Copy out all the lines of the data precisely, omitting any pictures.

_Source material_
* * *
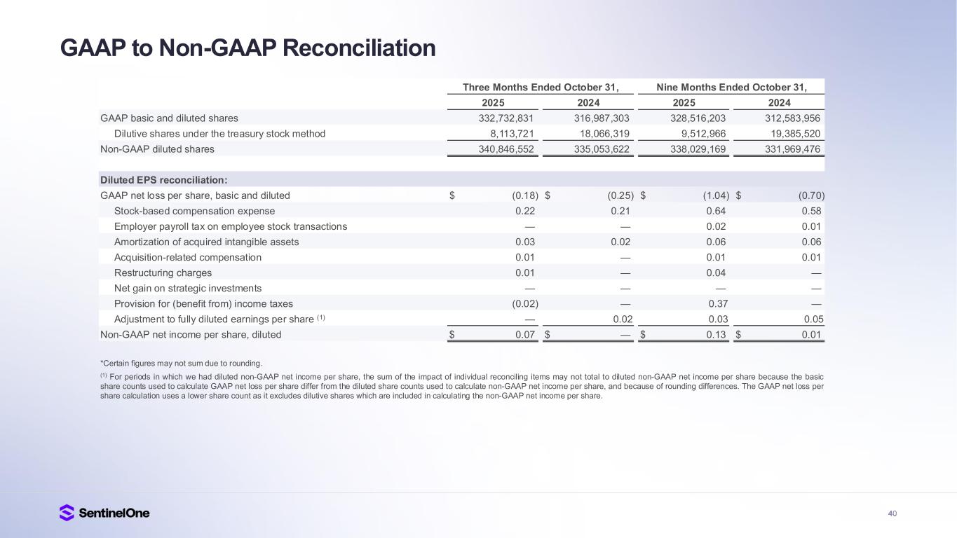 39 GAAP to Non-GAAP Reconciliation Three Months Ended October 31, Nine Months Ended October 31, 2025 2024 2025 2024 Net income (loss) reconciliation: GAAP net loss $ (60,291) $ (78,364) $ (340,503) $ (217,653) Stock-based compensation expense 75,341 70,188 217,880 193,418 Employer payroll tax on employee stock transactions 1,254 947 5,089 4,173 Amortization of acquired intangible assets 8,834 6,448 21,521 20,571 Acquisition-related compensation 1,833 856 3,236 2,817 Restructuring charges 3,718 — 12,804 — Net gain on strategic investments (532) — (1,324) (345) Provision for (benefit from) income taxes (5,366) — 125,917 — Non-GAAP net income $ 24,791 $ 75 $ 44,620 $ 2,981 Net income (loss) margin reconciliation: GAAP net loss margin (23) % (37) % (47) % (37) % Stock-based compensation 29 % 33 % 30 % 32 % Employer payroll tax on employee stock transactions — % — % 1 % 1 % Amortization of acquired intangible assets 3 % 3 % 3 % 3 % Acquisition-related compensation 1 % — % — % — % Restructuring charges 1 % — % 2 % — % Net gain on strategic investments — % — % — % — % Provision for (benefit from) income taxes (2)% — % 17 % — % Non-GAAP net income margin* 10 % — % 6 % 1 %
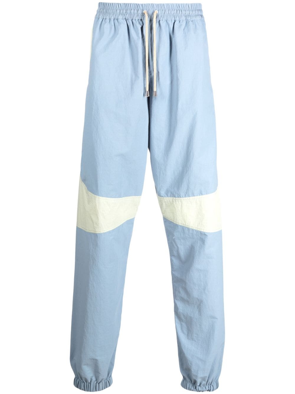 contrasting-panel drawstring track pant Highlights - Sky blue/white - Contrasting panel detail - Elasticated drawstring waistband - Wide leg - Two side slash pockets - Elasticated hem Made in Italy Composition Polyamide 100% SIZE & FIT Model measurements Height 6 ft 2 in(1.88 m) Bust/Chest 37.79 in(96 cm) Hips 35.82 in(91 cm) Waist 29.92 in(76 cm) FittingInformation Designed for a straight-leg, allowing for an unrestricted and comfortable fit over the leg The elasticated waist allows for a comfortable fit Made from a midweight non-stretch fabric This piece fits true to size – take your usual size
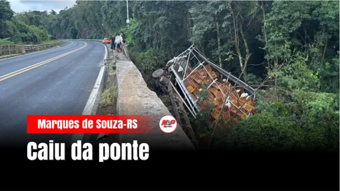 Marques de Souza – RS – (Região de Lajeado) – O caminhoneiro que levava uma carga de perus para Passo Fundo ficou gravemente ferido depois de sair da pista e cair ao lado da ponte sobre o Arroio Tamanduá, na BR-386. O acidente aconteceu durante a madrugada desta quinta-feira.
* * *
_Reply_
 39 GAAP to Non-GAAP Reconciliation Three Months Ended October 31, Nine Months Ended October 31, 2025 2024 2025 2024 Net income (loss) reconciliation: GAAP net loss $ (60,291) $ (78,364) $ (340,503) $ (217,653) Stock-based compensation expense 75,341 70,188 217,880 193,418 Employer payroll tax on employee stock transactions 1,254 947 5,089 4,173 Amortization of acquired intangible assets 8,834 6,448 21,521 20,571 Acquisition-related compensation 1,833 856 3,236 2,817 Restructuring charges 3,718 — 12,804 — Net gain on strategic investments (532) — (1,324) (345) Provision for (benefit from) income taxes (5,366) — 125,917 — Non-GAAP net income $ 24,791 $ 75 $ 44,620 $ 2,981 Net income (loss) margin reconciliation: GAAP net loss margin (23) % (37) % (47) % (37) % Stock-based compensation 29 % 33 % 30 % 32 % Employer payroll tax on employee stock transactions — % — % 1 % 1 % Amortization of acquired intangible assets 3 % 3 % 3 % 3 % Acquisition-related compensation 1 % — % — % — % Restructuring charges 1 % — % 2 % — % Net gain on strategic investments — % — % — % — % Provision for (benefit from) income taxes (2)% — % 17 % — % Non-GAAP net income margin* 10 % — % 6 % 1 %
 contrasting-panel drawstring track pant Highlights - Sky blue/white - Contrasting panel detail - Elasticated drawstring waistband - Wide leg - Two side slash pockets - Elasticated hem Made in Italy Composition Polyamide 100% SIZE & FIT Model measurements Height 6 ft 2 in(1.88 m) Bust/Chest 37.79 in(96 cm) Hips 35.82 in(91 cm) Waist 29.92 in(76 cm) FittingInformation Designed for a straight-leg, allowing for an unrestricted and comfortable fit over the leg The elasticated waist allows for a comfortable fit Made from a midweight non-stretch fabric This piece fits true to size – take your usual size
 Marques de Souza – RS – (Região de Lajeado) – O caminhoneiro que levava uma carga de perus para Passo Fundo ficou gravemente ferido depois de sair da pista e cair ao lado da ponte sobre o Arroio Tamanduá, na BR-386. O acidente aconteceu durante a madrugada desta quinta-feira.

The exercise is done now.